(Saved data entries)
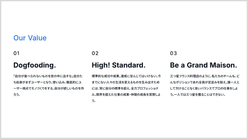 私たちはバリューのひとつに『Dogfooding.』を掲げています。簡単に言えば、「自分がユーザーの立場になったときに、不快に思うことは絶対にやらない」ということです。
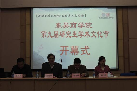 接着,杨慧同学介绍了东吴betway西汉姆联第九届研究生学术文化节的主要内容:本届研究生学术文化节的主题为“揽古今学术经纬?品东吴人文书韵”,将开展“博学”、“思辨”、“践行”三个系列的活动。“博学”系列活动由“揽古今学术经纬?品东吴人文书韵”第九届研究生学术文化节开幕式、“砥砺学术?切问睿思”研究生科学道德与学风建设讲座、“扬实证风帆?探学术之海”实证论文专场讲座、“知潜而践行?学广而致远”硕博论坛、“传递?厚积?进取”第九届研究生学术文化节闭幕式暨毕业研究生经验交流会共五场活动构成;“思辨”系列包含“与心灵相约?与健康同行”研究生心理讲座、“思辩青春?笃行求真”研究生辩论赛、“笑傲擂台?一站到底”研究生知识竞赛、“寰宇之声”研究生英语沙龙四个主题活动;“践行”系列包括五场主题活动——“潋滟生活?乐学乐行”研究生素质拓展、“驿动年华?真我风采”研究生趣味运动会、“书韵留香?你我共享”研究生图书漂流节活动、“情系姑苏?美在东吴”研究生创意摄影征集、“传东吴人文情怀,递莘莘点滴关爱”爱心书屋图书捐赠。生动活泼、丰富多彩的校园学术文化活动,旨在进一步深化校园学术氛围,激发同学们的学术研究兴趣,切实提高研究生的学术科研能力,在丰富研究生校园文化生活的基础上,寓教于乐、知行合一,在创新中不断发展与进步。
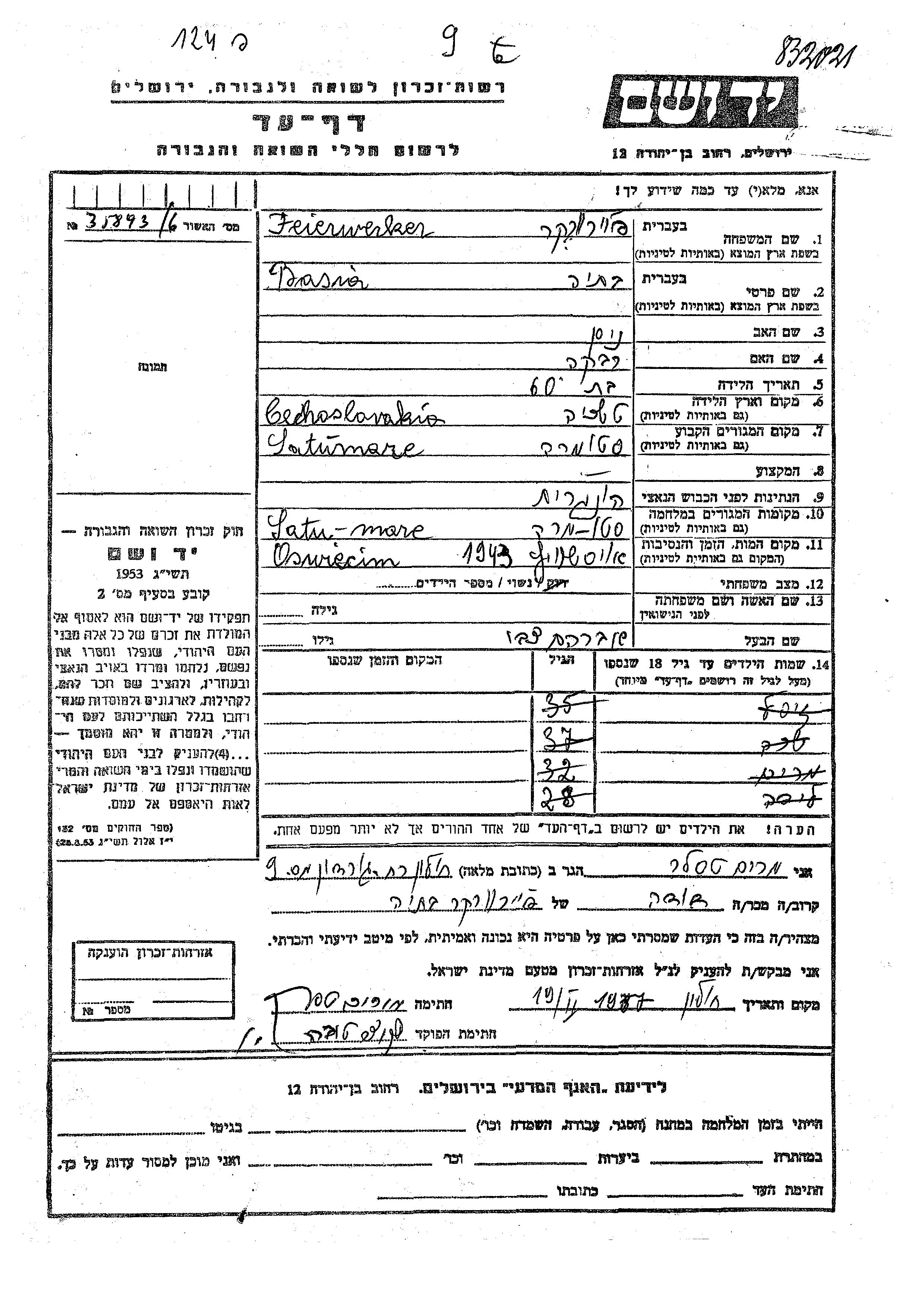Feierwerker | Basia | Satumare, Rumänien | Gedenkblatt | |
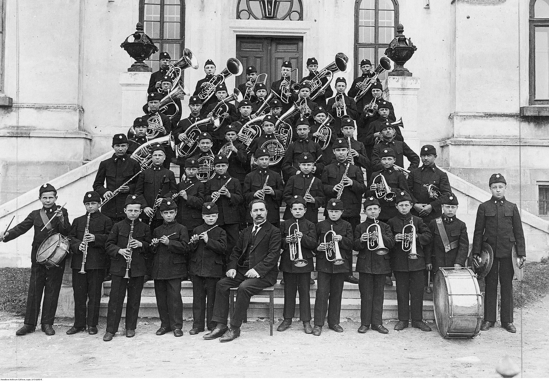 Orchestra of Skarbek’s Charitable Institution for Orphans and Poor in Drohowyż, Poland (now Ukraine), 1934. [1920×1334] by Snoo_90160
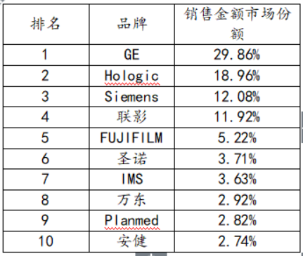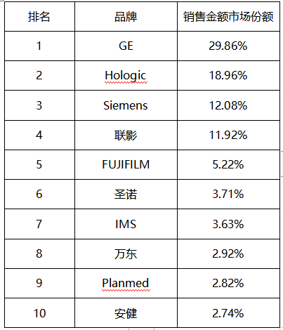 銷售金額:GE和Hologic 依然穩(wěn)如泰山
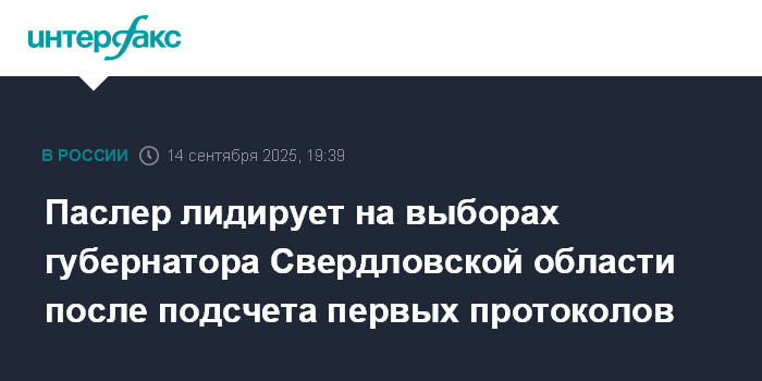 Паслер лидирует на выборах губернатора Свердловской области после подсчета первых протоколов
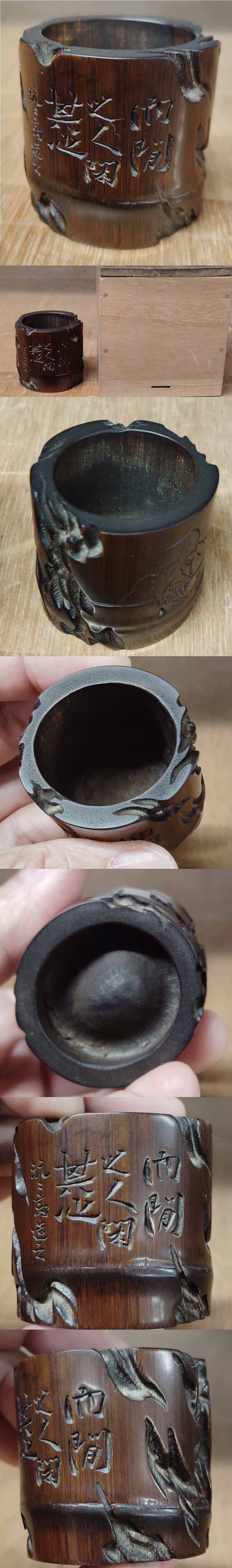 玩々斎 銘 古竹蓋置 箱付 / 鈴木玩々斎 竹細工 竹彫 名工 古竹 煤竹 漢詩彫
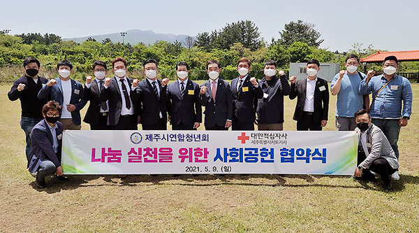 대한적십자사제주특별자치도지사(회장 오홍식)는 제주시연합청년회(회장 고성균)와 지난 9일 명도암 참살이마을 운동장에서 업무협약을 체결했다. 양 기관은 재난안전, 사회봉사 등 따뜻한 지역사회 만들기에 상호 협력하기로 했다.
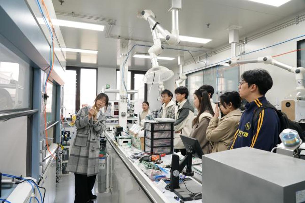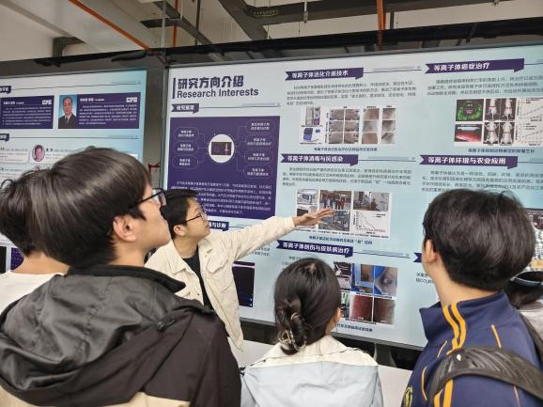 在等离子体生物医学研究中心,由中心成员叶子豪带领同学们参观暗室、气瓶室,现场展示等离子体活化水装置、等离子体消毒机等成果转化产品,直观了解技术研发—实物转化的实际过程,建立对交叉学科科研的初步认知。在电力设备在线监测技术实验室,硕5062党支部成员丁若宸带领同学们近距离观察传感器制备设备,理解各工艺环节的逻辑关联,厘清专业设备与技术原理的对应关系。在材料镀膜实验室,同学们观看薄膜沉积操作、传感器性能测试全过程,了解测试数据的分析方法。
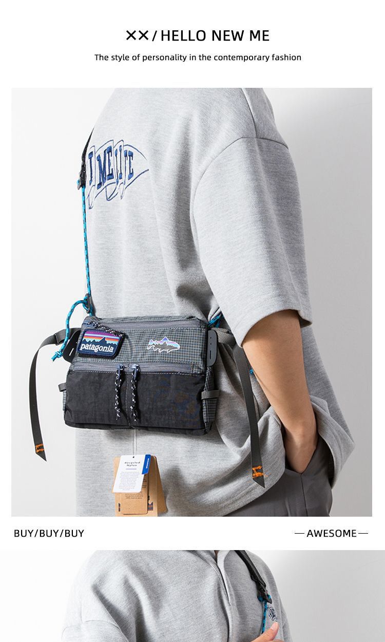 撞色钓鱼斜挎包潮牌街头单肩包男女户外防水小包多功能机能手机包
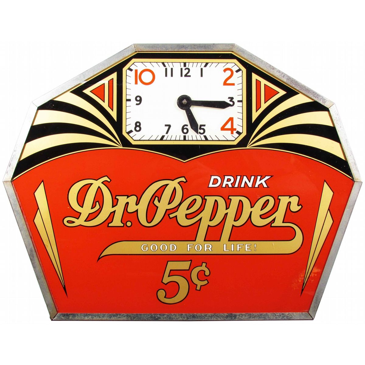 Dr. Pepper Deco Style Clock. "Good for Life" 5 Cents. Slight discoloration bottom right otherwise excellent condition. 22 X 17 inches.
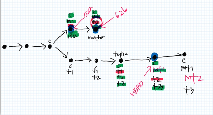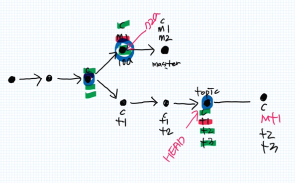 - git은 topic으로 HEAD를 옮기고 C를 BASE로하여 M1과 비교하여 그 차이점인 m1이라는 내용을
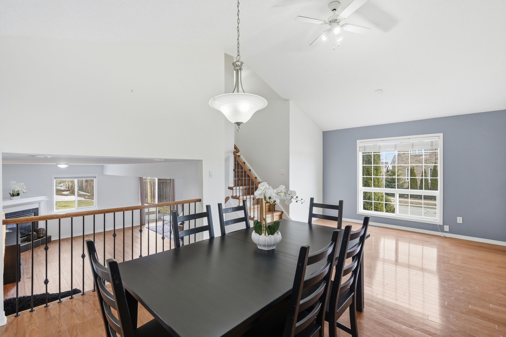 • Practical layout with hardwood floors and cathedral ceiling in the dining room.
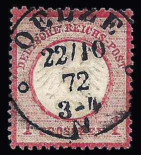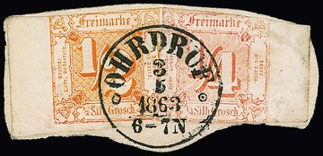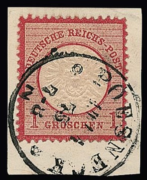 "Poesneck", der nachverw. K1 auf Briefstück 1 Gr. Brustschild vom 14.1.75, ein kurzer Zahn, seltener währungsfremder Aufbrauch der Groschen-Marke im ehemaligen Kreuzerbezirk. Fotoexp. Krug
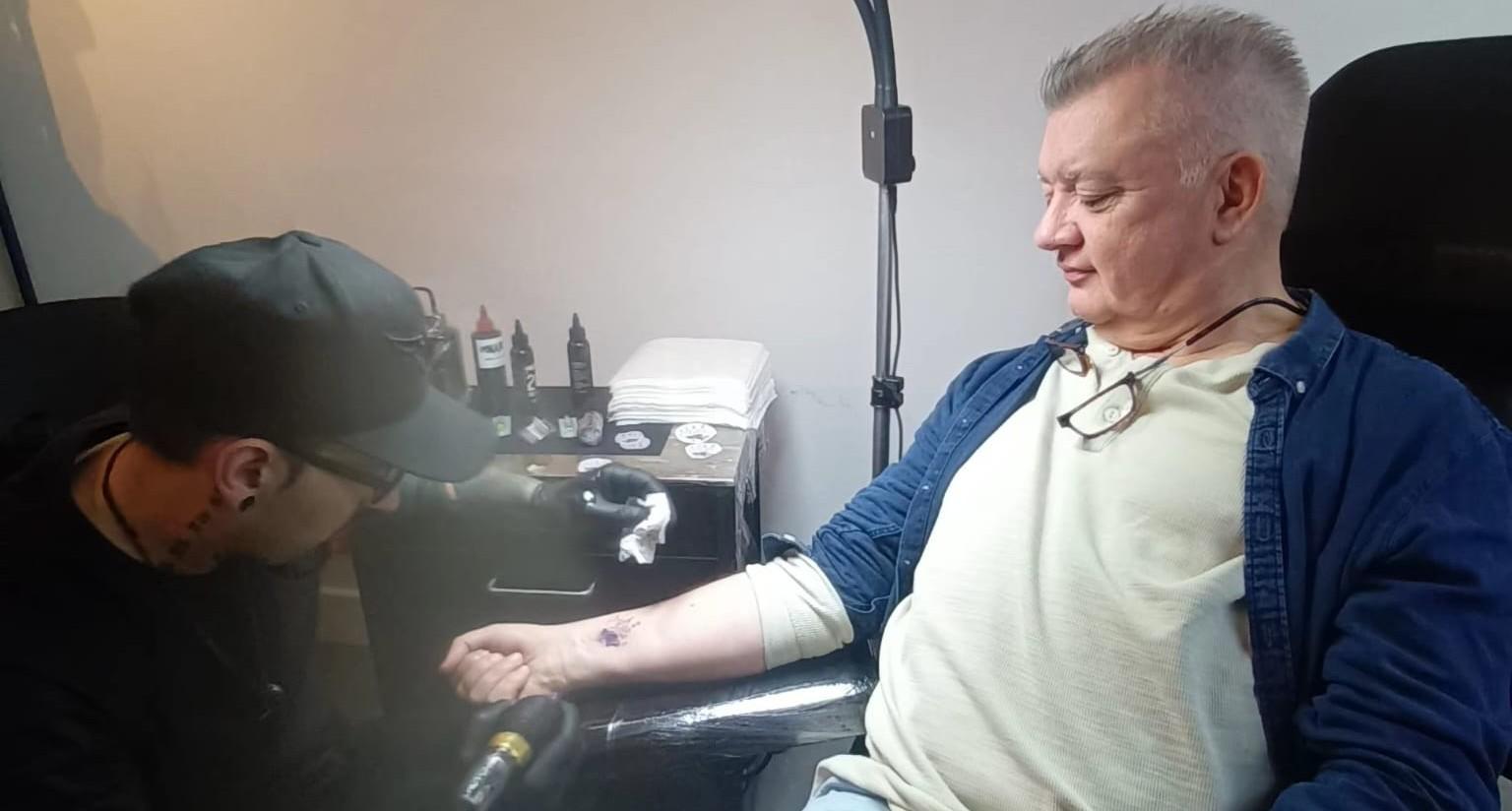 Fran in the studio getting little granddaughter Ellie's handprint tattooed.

▶ [What is required]: Set down all of the entries exactly as they stand, without any image.

▶ [Response to this exercise]:
 私たちはバリューのひとつに『Dogfooding.』を掲げています。簡単に言えば、「自分がユーザーの立場になったときに、不快に思うことは絶対にやらない」ということです。
 接着,杨慧同学介绍了东吴betway西汉姆联第九届研究生学术文化节的主要内容:本届研究生学术文化节的主题为“揽古今学术经纬?品东吴人文书韵”,将开展“博学”、“思辨”、“践行”三个系列的活动。“博学”系列活动由“揽古今学术经纬?品东吴人文书韵”第九届研究生学术文化节开幕式、“砥砺学术?切问睿思”研究生科学道德与学风建设讲座、“扬实证风帆?探学术之海”实证论文专场讲座、“知潜而践行?学广而致远”硕博论坛、“传递?厚积?进取”第九届研究生学术文化节闭幕式暨毕业研究生经验交流会共五场活动构成;“思辨”系列包含“与心灵相约?与健康同行”研究生心理讲座、“思辩青春?笃行求真”研究生辩论赛、“笑傲擂台?一站到底”研究生知识竞赛、“寰宇之声”研究生英语沙龙四个主题活动;“践行”系列包括五场主题活动——“潋滟生活?乐学乐行”研究生素质拓展、“驿动年华?真我风采”研究生趣味运动会、“书韵留香?你我共享”研究生图书漂流节活动、“情系姑苏?美在东吴”研究生创意摄影征集、“传东吴人文情怀,递莘莘点滴关爱”爱心书屋图书捐赠。生动活泼、丰富多彩的校园学术文化活动,旨在进一步深化校园学术氛围,激发同学们的学术研究兴趣,切实提高研究生的学术科研能力,在丰富研究生校园文化生活的基础上,寓教于乐、知行合一,在创新中不断发展与进步。
Feierwerker | Basia | Satumare, Rumänien | Gedenkblatt | |
 Orchestra of Skarbek’s Charitable Institution for Orphans and Poor in Drohowyż, Poland (now Ukraine), 1934. [1920×1334] by Snoo_90160
 銷售金額:GE和Hologic 依然穩(wěn)如泰山
 Паслер лидирует на выборах губернатора Свердловской области после подсчета первых протоколов
 玩々斎 銘 古竹蓋置 箱付 / 鈴木玩々斎 竹細工 竹彫 名工 古竹 煤竹 漢詩彫
 대한적십자사제주특별자치도지사(회장 오홍식)는 제주시연합청년회(회장 고성균)와 지난 9일 명도암 참살이마을 운동장에서 업무협약을 체결했다. 양 기관은 재난안전, 사회봉사 등 따뜻한 지역사회 만들기에 상호 협력하기로 했다.
 在等离子体生物医学研究中心,由中心成员叶子豪带领同学们参观暗室、气瓶室,现场展示等离子体活化水装置、等离子体消毒机等成果转化产品,直观了解技术研发—实物转化的实际过程,建立对交叉学科科研的初步认知。在电力设备在线监测技术实验室,硕5062党支部成员丁若宸带领同学们近距离观察传感器制备设备,理解各工艺环节的逻辑关联,厘清专业设备与技术原理的对应关系。在材料镀膜实验室,同学们观看薄膜沉积操作、传感器性能测试全过程,了解测试数据的分析方法。
 撞色钓鱼斜挎包潮牌街头单肩包男女户外防水小包多功能机能手机包
 Dr. Pepper Deco Style Clock. "Good for Life" 5 Cents. Slight discoloration bottom right otherwise excellent condition. 22 X 17 inches.
 - git은 topic으로 HEAD를 옮기고 C를 BASE로하여 M1과 비교하여 그 차이점인 m1이라는 내용을
 • Practical layout with hardwood floors and cathedral ceiling in the dining room.
 "Poesneck", der nachverw. K1 auf Briefstück 1 Gr. Brustschild vom 14.1.75, ein kurzer Zahn, seltener währungsfremder Aufbrauch der Groschen-Marke im ehemaligen Kreuzerbezirk. Fotoexp. Krug
 Fran in the studio getting little granddaughter Ellie's handprint tattooed.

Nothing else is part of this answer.